**ENTRIES SUPPLIED**:
##############################
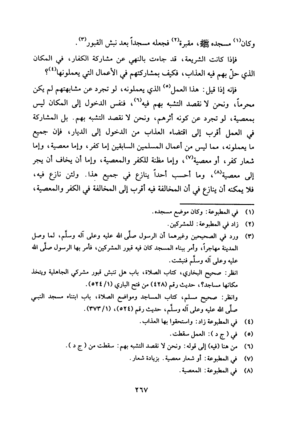 فإنه إذا قيل: هذا العمل (¬5) الذي يعملونه لو تجرد عن مشابهتهم لم يكن محرما، ونحن لا نقصد التشبه بهم فيه، (¬6) فنفس الدخول إلى المكان ليس بمعصية لو تجرد عن كونه أثرهم ونحن لا نقصد التشبه بهم، بل المشاركة في العمل أقرب إلى اقتضاء العذاب من الدخول إلى الديار فإن جميع ما يعملونه مما ليس من أعمال المسلمين السابقين، إما كفر، وإما معصية، وإما شعار كفر، أو معصية (¬7) وإما مظنة للكفر والمعصية، وإما أن يخاف أن يجر إلى معصية (¬8) وما أحسب أحدا ينازع في جميع هذا ولئن نازع فيه فلا يمكنه أن ينازع في أن المخالفة فيه أقرب إلى المخالفة في الكفر والمعصية
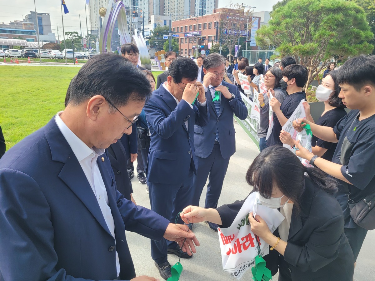 국회 행정안전위원회 15일 오송 참사 국정조사 현장조사에 이어 충북도청 현장질의, 유가족 간담회 등을 이어갔다. 유가족협의회 등은 현장질의가 있는 도의회 앞 광장에서 의원들에게 녹색 리본을 전달하며 오송 참사 진실규명과 책임자 처벌을 촉구했다.
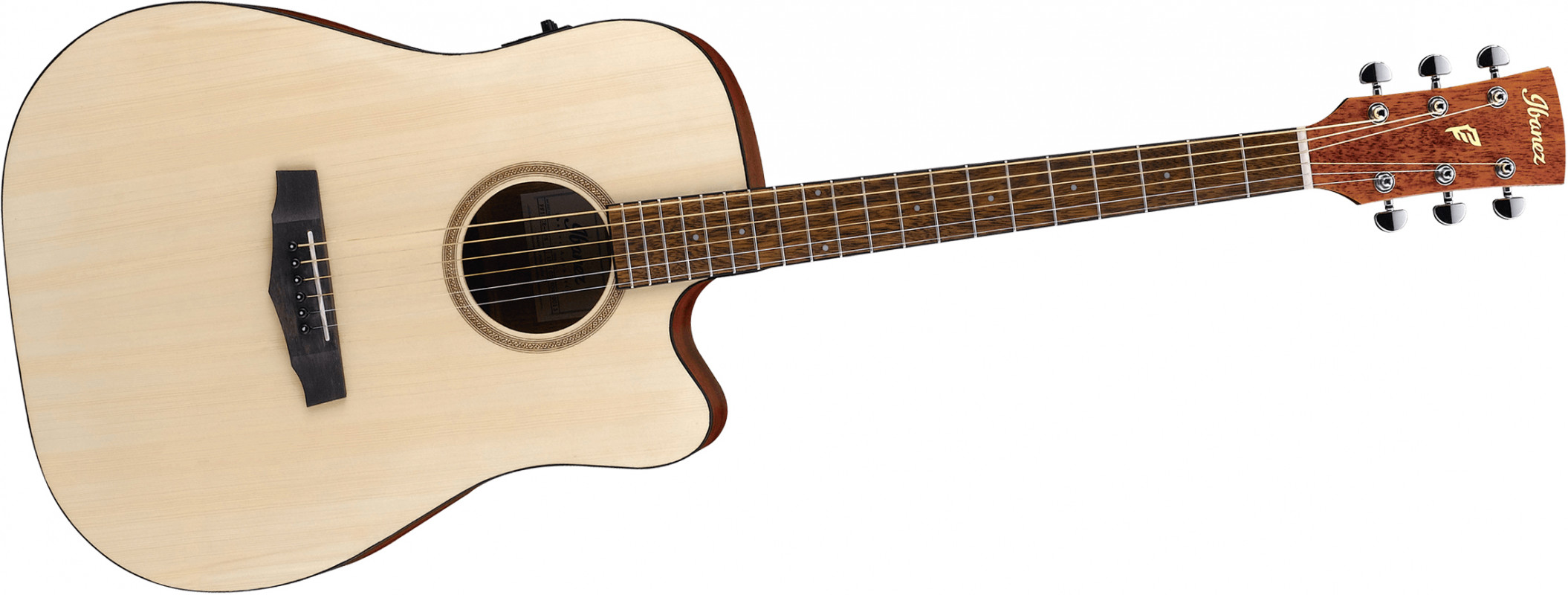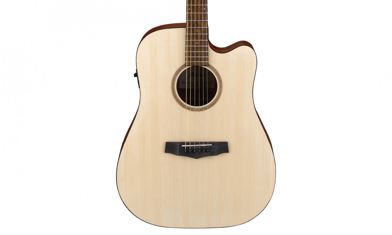 The Ibanez PF10CE is an amplified dreadnought acoustic guitar featuring a spruce top and Okoume back and sides, all finished in Open Pore. This entry-level instrument offers an excellent quality-to-price ratio, making it perfect for beginner guitarists.
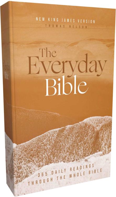 The Everyday Bible guides you to read the entire Bible in 365 sections designed for daily 15-minute readings. Each day is a blend of Scripture from the Old Testament, Psalms, Proverbs, and the New Testament. With no complicated charts or plans, this provides a simple way to read the Bible in one year.Features include:The complete NKJV Bible presented in 365 sections365 daily readings to move through the Bible from Genesis to Revelation in order. Each day includes 2-3 chapters of the main reading with a section of a Psalm and a few verses from Proverbs to move through those books once during the year.Table of Contents guides you to where each month of the year begins and the start of each book of the BibleClear and readable 9.5-point NKJV Comfort Print
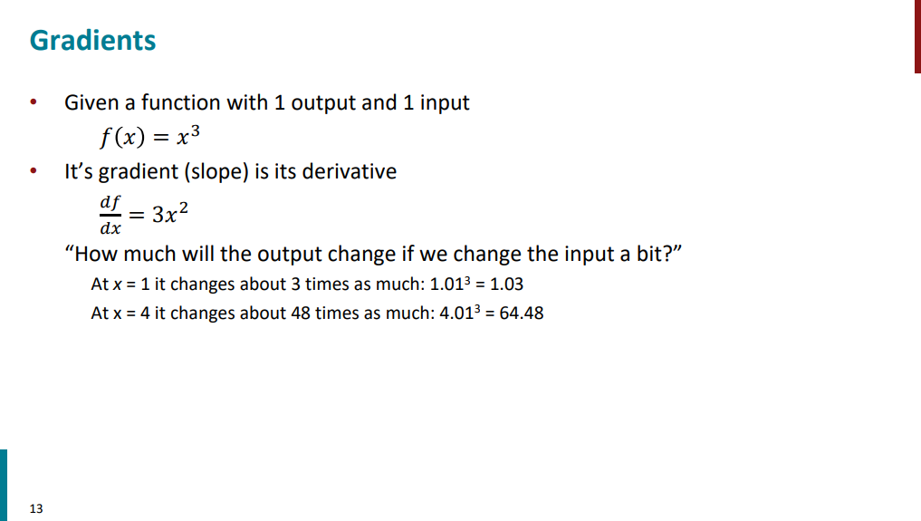 تو همین مثال ساده اگه ورودی تابع 1 باشه، گرادیان میشه 3. این یعنی اگه ورودی رو نسبت به 1 یه ذره تغییر بدیم (مثلاً 1.01 در نظر بگیریم)، خروجی از 1 میشه حدود 1.03. یعنی تغییر خروجی تقریباً 3 برابر تغییر ورودی بوده (0.03 در برابر 0.01). ولی وقتی ورودی تابع 4 باشه، گرادیان برابر میشه با 48. این یعنی اگه ورودی رو نسبت به 4 یه ذره تغییر بدیم (مثلاً 4.01 در نظر بگیریم)، خروجی از 64 میشه حدود 64.48. یعنی تغییر خروجی تقریباً 48 برابر تغییر ورودی بوده (0.48 در برابر 0.01).
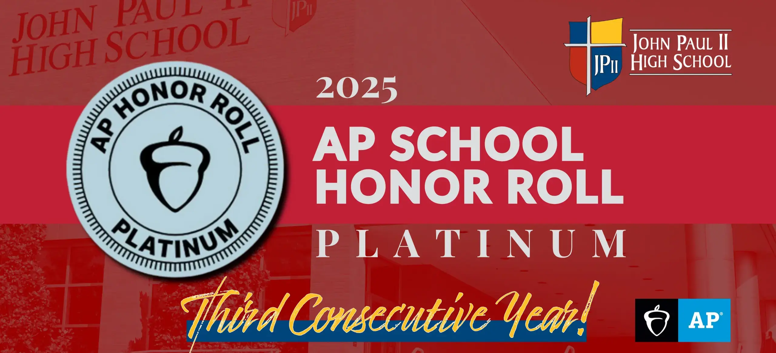 John Paul II has been recognized on the AP® School Honor Roll for the 2024-25 school year for promoting a college-going culture, expanding opportunities for students to earn college credit, maximizing college readiness, and providing a clear and effective commitment to equitable access to advanced coursework.
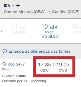 Aos sábados o voo sai de Campo Mourão às 14h e chega a Curitiba às 15h30. Da capital para cá sai às 11h45 e chega às 13h35.
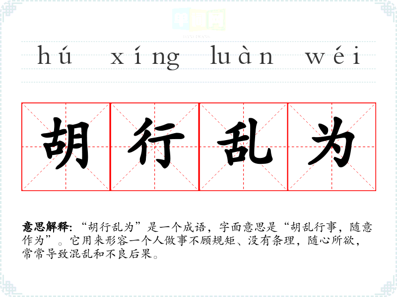 “胡行乱为”是一个成语,字面意思是“胡乱行事,随意作为”。它用来形容一个人做事不顾规矩、没有条理,随心所欲,常常导致混乱和不良后果。
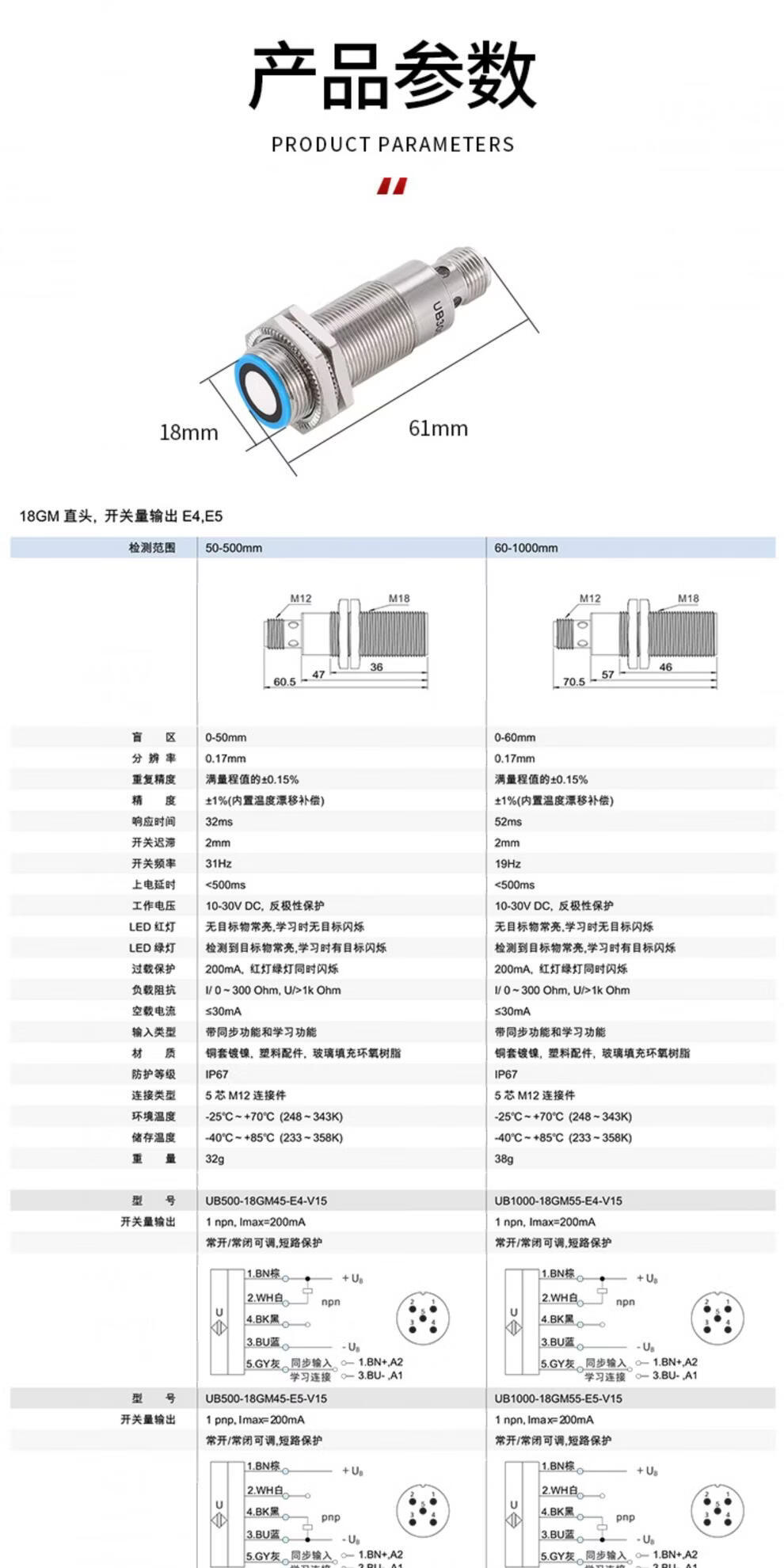 Small blind area, small angle, millimeter-level high-precision frequency ultrasonic ranging sensor induction switch LGUB1000 NPN 30-300mm
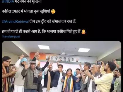 एका युजरने ट्विटरवर व्हिडिओ शेअर केला आणि दावा केला की दिल्लीतील भाजपच्या विजयाचा आनंद साजरा करण्यासाठी काँग्रेस कार्यालयात भांगडा नृत्य सादर केले जात आहे.
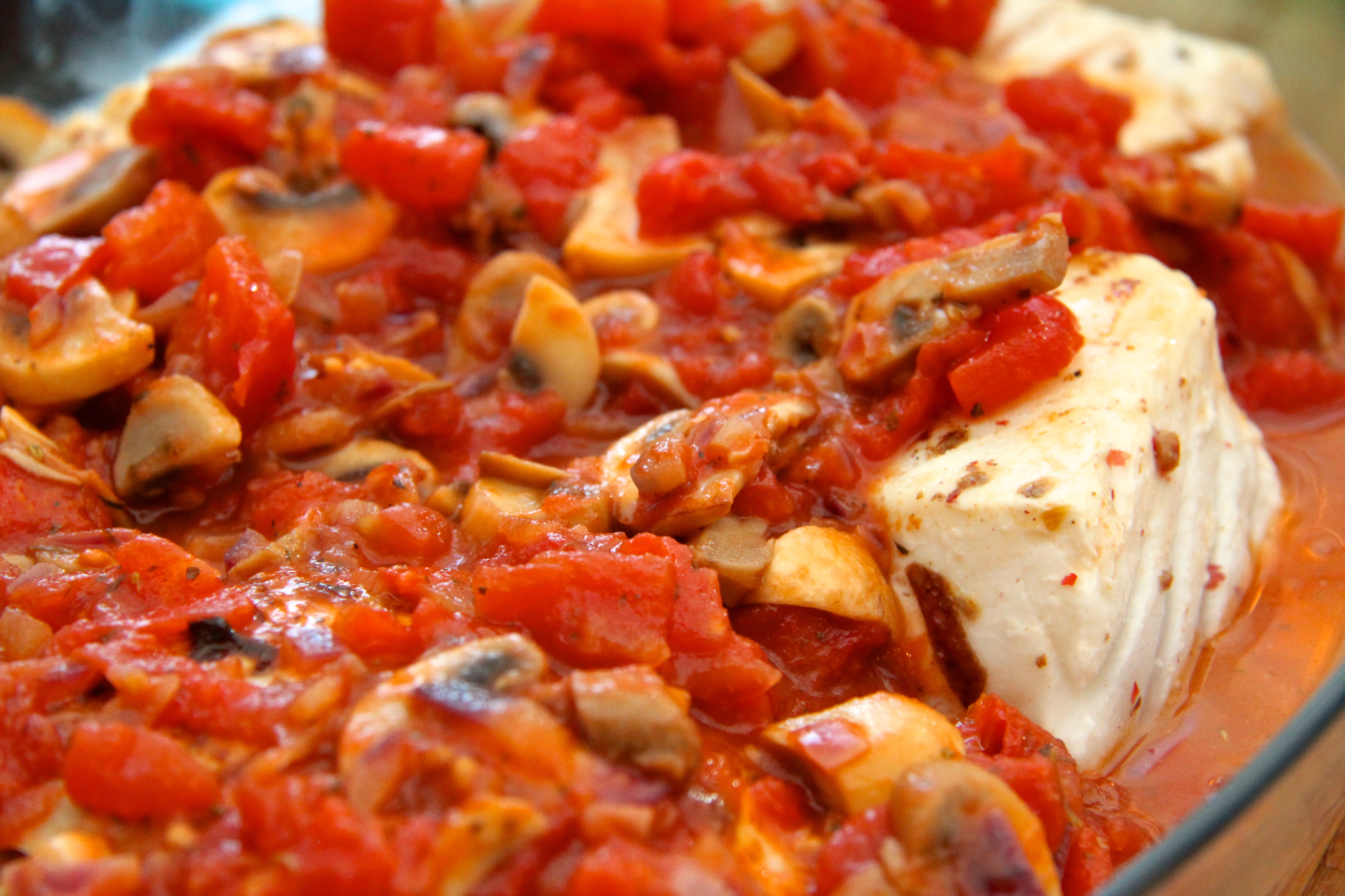 Ofninn er hitaður í 200 gráður og stilltur á grill. Fiskurinn er kryddaður með rósapipar, salti, pipar og sítrónusafanum dreift yfir fiskinn. Fiskurinn er steiktur á pönnu upp úr smjörinu á báðum hliðum þar til hann hefur náð góðum lit á báðum hliðum. Þá er hann tekinn af pönnunni og lagður í smurt eldfast mót. Sveppum, lauk og hvítlauk bætt út á pönnuna. Þetta er steikt í smástund (smjöri bætt við eftir þörfum) og þá er tómötum og hvítvíni bætt út á pönnuna, saltað og piprað. Sósan er látin malla í ca. 10 mínútur. Þá er henni hellt yfir fiskinn.
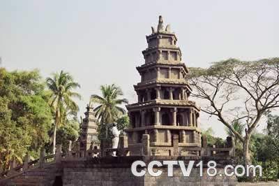 双塔相距20米,分别坐落在立于池水中带石柱围栏的塔基上,每一塔基前设有月台,均有弧形引桥式石阶梯连接池外。四周簇簇翠竹,溪涧泉水积潴,怡静幽幽园圃,犹入一方净土。据说,姐姐后来还俗嫁人,故塔身供养的都是文武官员雕像;而妹妹一生与佛相伴,故其塔身雕像全是佛教人物雕像。 美榔双塔整体造型协调美观,淳古朴拙,最杰出的是其精湛的石雕艺术,石工精致,风姿绰约。数十尊浮雕刻工精巧细致,雕像裙带飘摇,形象栩栩如生,反映了宋末元初的社会世俗生活,堪称琼州石塔中杰出的艺术珍品。尤其是双塔通体的建筑材料系采用琼北火山地区的玄武岩,建筑工艺系采用榫眼凹凸相接,条石干摆叠码不粘合的独特方式,堪称一绝。经过800多年风风雨雨的侵蚀,虽然存在不同程度的风化损害,主体建筑却没有倒塌毁坏,实属国内罕见。 美榔双塔旁的大榕树下,竖立着一圆首龟趺状的玄武岩石碑,原有近千字的阴刻碑文,由于800年岁月的无情风化,已无从辨认碑文的内容,成为名副其实的无字碑,从而悄无声息的为今人留下丝丝悬念。明朝进士唐绢曾生发怀古慨叹,赋诗赞颂:“西竺原为舍利天,移来琼岛亦巍然。依稀两汉争雄日,仿佛双乔并立年。”更为浪漫感人的美郎双塔蒙上一层朦胧玅曼的面纱。 美丽的传说与石塔的风格艺术,折射出海南人民的千古真情。美榔双塔不愧为中华古塔中的珍品。1996年被国务院公布为“全国第四批重点文物保护单位”。它不仅为研究海南古代文明发展史和建筑艺术提供直接依据,而且也具有较大的旅游观赏价值。 注释: 【1】缗,为货币和计税单位。即成贯的钱,一千文为一缗。起源于汉武帝时期的“算缗”。由于连年征战,西汉王朝国库空虚,聚集大量财富的富商大贾却不肯捐资以解国家之急。公元前119年特颁布“算缗令”,开始对商人、高利贷者和手工业者征车船税和财产税。公元前110年,算缗政策停止执行。 |
##############################
Copy the lines above exactly, starting with the line that contains "John Paul II" and ending with the line that contains "Ofninn er hitaður", and leave out any pictures.

 John Paul II has been recognized on the AP® School Honor Roll for the 2024-25 school year for promoting a college-going culture, expanding opportunities for students to earn college credit, maximizing college readiness, and providing a clear and effective commitment to equitable access to advanced coursework.
 Aos sábados o voo sai de Campo Mourão às 14h e chega a Curitiba às 15h30. Da capital para cá sai às 11h45 e chega às 13h35.
 “胡行乱为”是一个成语,字面意思是“胡乱行事,随意作为”。它用来形容一个人做事不顾规矩、没有条理,随心所欲,常常导致混乱和不良后果。
 Small blind area, small angle, millimeter-level high-precision frequency ultrasonic ranging sensor induction switch LGUB1000 NPN 30-300mm
 एका युजरने ट्विटरवर व्हिडिओ शेअर केला आणि दावा केला की दिल्लीतील भाजपच्या विजयाचा आनंद साजरा करण्यासाठी काँग्रेस कार्यालयात भांगडा नृत्य सादर केले जात आहे.
 Ofninn er hitaður í 200 gráður og stilltur á grill. Fiskurinn er kryddaður með rósapipar, salti, pipar og sítrónusafanum dreift yfir fiskinn. Fiskurinn er steiktur á pönnu upp úr smjörinu á báðum hliðum þar til hann hefur náð góðum lit á báðum hliðum. Þá er hann tekinn af pönnunni og lagður í smurt eldfast mót. Sveppum, lauk og hvítlauk bætt út á pönnuna. Þetta er steikt í smástund (smjöri bætt við eftir þörfum) og þá er tómötum og hvítvíni bætt út á pönnuna, saltað og piprað. Sósan er látin malla í ca. 10 mínútur. Þá er henni hellt yfir fiskinn.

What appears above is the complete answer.